• Assigned task:
Among the entries below, only the lines from the one with "Jedenfalls kam der" through the one with "2月3日,平江县人民检察院召" are to be retyped, exactly and without pictures.

• Records shown:
###

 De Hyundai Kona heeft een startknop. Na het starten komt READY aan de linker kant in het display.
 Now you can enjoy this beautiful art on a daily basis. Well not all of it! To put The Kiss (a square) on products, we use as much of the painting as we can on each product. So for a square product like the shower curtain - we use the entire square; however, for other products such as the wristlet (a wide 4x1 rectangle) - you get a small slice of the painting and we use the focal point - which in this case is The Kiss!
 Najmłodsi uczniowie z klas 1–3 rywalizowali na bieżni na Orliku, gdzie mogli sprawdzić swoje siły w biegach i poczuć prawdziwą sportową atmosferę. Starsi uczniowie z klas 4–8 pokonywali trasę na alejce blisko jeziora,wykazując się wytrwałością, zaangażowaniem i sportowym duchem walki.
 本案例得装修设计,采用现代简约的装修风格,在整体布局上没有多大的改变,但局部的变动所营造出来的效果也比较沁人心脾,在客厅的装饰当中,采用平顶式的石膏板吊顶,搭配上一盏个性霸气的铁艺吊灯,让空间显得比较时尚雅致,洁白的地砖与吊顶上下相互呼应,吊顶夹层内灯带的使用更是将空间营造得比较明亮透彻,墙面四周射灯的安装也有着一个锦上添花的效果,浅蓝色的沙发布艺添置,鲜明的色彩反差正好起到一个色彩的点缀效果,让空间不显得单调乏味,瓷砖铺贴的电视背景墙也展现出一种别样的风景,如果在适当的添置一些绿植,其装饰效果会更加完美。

###

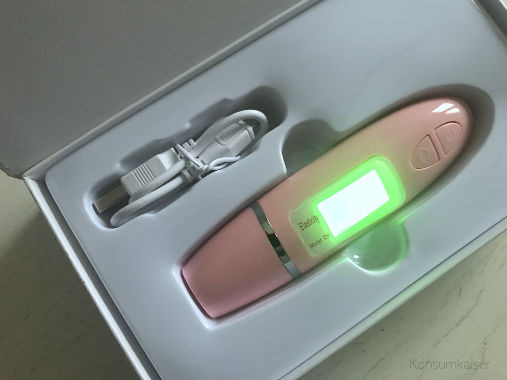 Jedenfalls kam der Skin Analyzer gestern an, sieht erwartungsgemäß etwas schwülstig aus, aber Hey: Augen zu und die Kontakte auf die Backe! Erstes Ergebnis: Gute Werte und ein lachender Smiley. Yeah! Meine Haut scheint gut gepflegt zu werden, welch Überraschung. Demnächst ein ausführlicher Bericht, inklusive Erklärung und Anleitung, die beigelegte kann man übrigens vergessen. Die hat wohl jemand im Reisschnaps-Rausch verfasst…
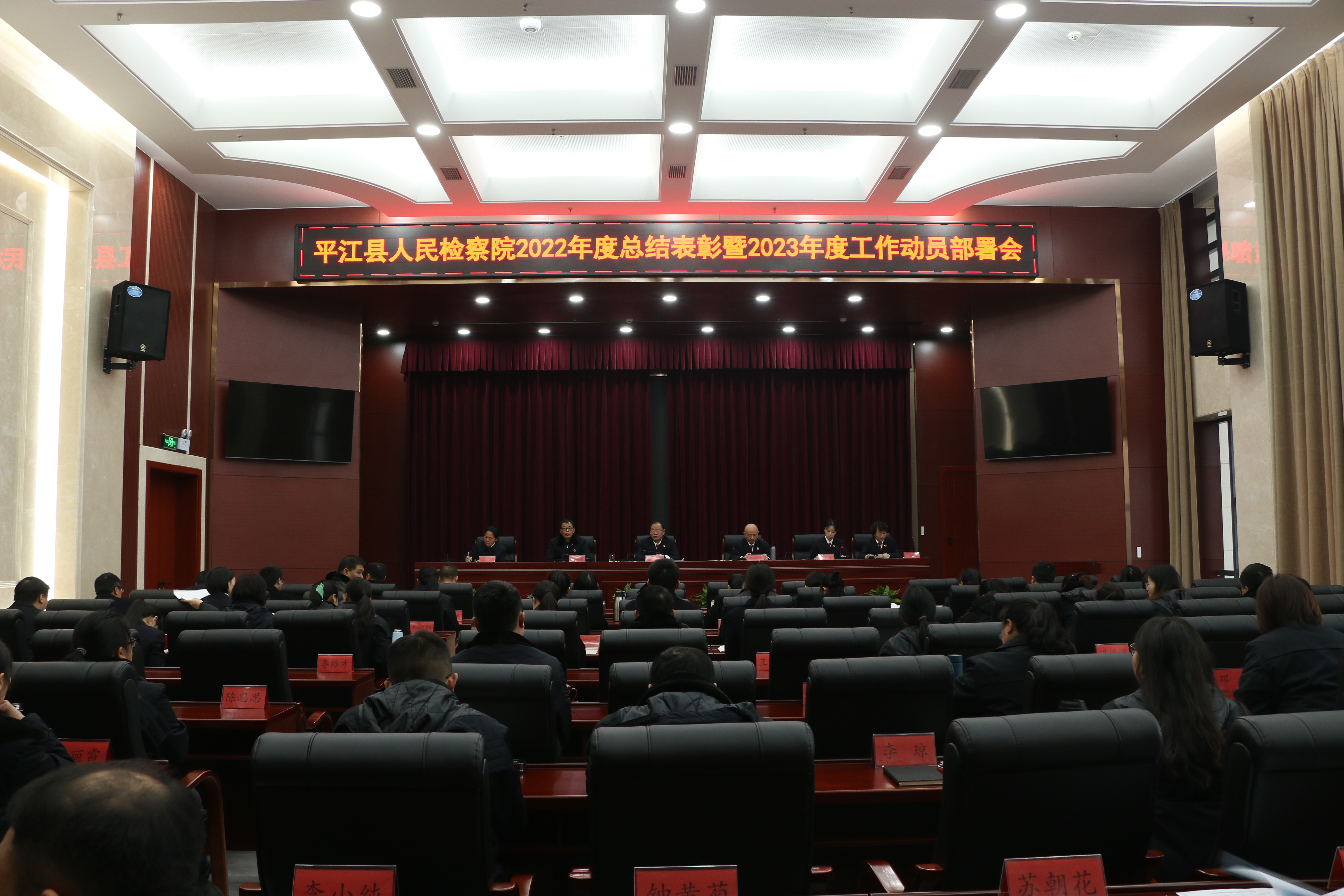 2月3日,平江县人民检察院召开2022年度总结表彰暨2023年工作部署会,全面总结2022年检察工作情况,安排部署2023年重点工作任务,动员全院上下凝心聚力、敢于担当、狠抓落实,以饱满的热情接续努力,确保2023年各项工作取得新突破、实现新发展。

###

• Written solution:
 Jedenfalls kam der Skin Analyzer gestern an, sieht erwartungsgemäß etwas schwülstig aus, aber Hey: Augen zu und die Kontakte auf die Backe! Erstes Ergebnis: Gute Werte und ein lachender Smiley. Yeah! Meine Haut scheint gut gepflegt zu werden, welch Überraschung. Demnächst ein ausführlicher Bericht, inklusive Erklärung und Anleitung, die beigelegte kann man übrigens vergessen. Die hat wohl jemand im Reisschnaps-Rausch verfasst…
 2月3日,平江县人民检察院召开2022年度总结表彰暨2023年工作部署会,全面总结2022年检察工作情况,安排部署2023年重点工作任务,动员全院上下凝心聚力、敢于担当、狠抓落实,以饱满的热情接续努力,确保2023年各项工作取得新突破、实现新发展。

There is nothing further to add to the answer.